Patch [3] should be applied if turbo is disabled manually on Intel
platforms.

[2]
There may be unbalanced tasks among CPUs due to CPU affinity. For example,
suppose the LLC domain is composed of 8 CPUs, and 7 tasks are bound to
CPU0~CPU6, while CPU7 is idle:

          CPU0    CPU1    CPU2    CPU3    CPU4    CPU5    CPU6    CPU7
util_avg  1024    1024    1024    1024    1024    1024    1024    0

Since the util_avg ratio is 87.5%( = 7/8 ), which is higher than 85%,
select_idle_cpu() will not scan, thus CPU7 is undetected.

A possible workaround to mitigate this problem is that the nr_scan should
be increased if idle CPUs are detected during periodic load balance. And the
problem could be mitigated by idle load balance that, CPU7 might pull some
tasks on it.

[3]
Prateek mentioned that we should scan aggressively in an LLC domain
with 16 CPUs. Because the cost to search for an idle one among 16 CPUs is
negligible. The current patch aims to propose a generic solution and only
considers the util_avg.
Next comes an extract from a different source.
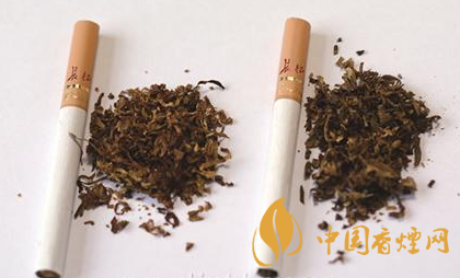 煙支過濾嘴及煙絲差異對(duì)比:真煙煙支采用單一醋纖濾嘴,長度為25mm,煙絲切絲寬度均勻,煙絲疏松、光澤油潤性好、呈檸檬黃色、含碎末少,煙絲結(jié)構(gòu)為葉絲、膨脹葉絲、膨脹梗絲和再造煙葉;假煙煙支過濾嘴較短,長度約為20mm,制絲工藝粗糙,色澤發(fā)暗無光澤、呈青褐色、煙絲中含碎末較多,大量梗絲未經(jīng)過膨脹處理,一般無膨脹葉絲和再造煙葉,與真品特征存在明顯差異。
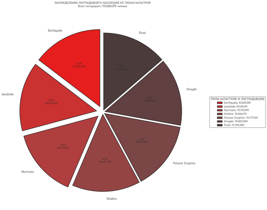 Анализируя данную диаграмму можно выявить процент людей пострадавших в разных типах катастроф.

A follow-up change could enhance the scan policy
to adjust the scan_percent according to the CPU number in LLC.

v2->v3:
 - Use 85% as the threshold again, because the CPU frequency invariance issue
   has been fixed and the patch is queued for 5.19.

 - Stop the scan if 85% is reached, rather than scanning for at least 4 CPUs.
   According to the feedback from Yicong, it might be better to stop scanning
   entirely when the LLC is overloaded.

 - Replace linear scan with quadratic function scan, to let the SIS scan
   aggressively when the LLC is not busy. Prateek mentioned there was slight
   regression from ycsb-mongodb in v2, which might be due to fewer CPUs
   scanned when the utilization is around 20%.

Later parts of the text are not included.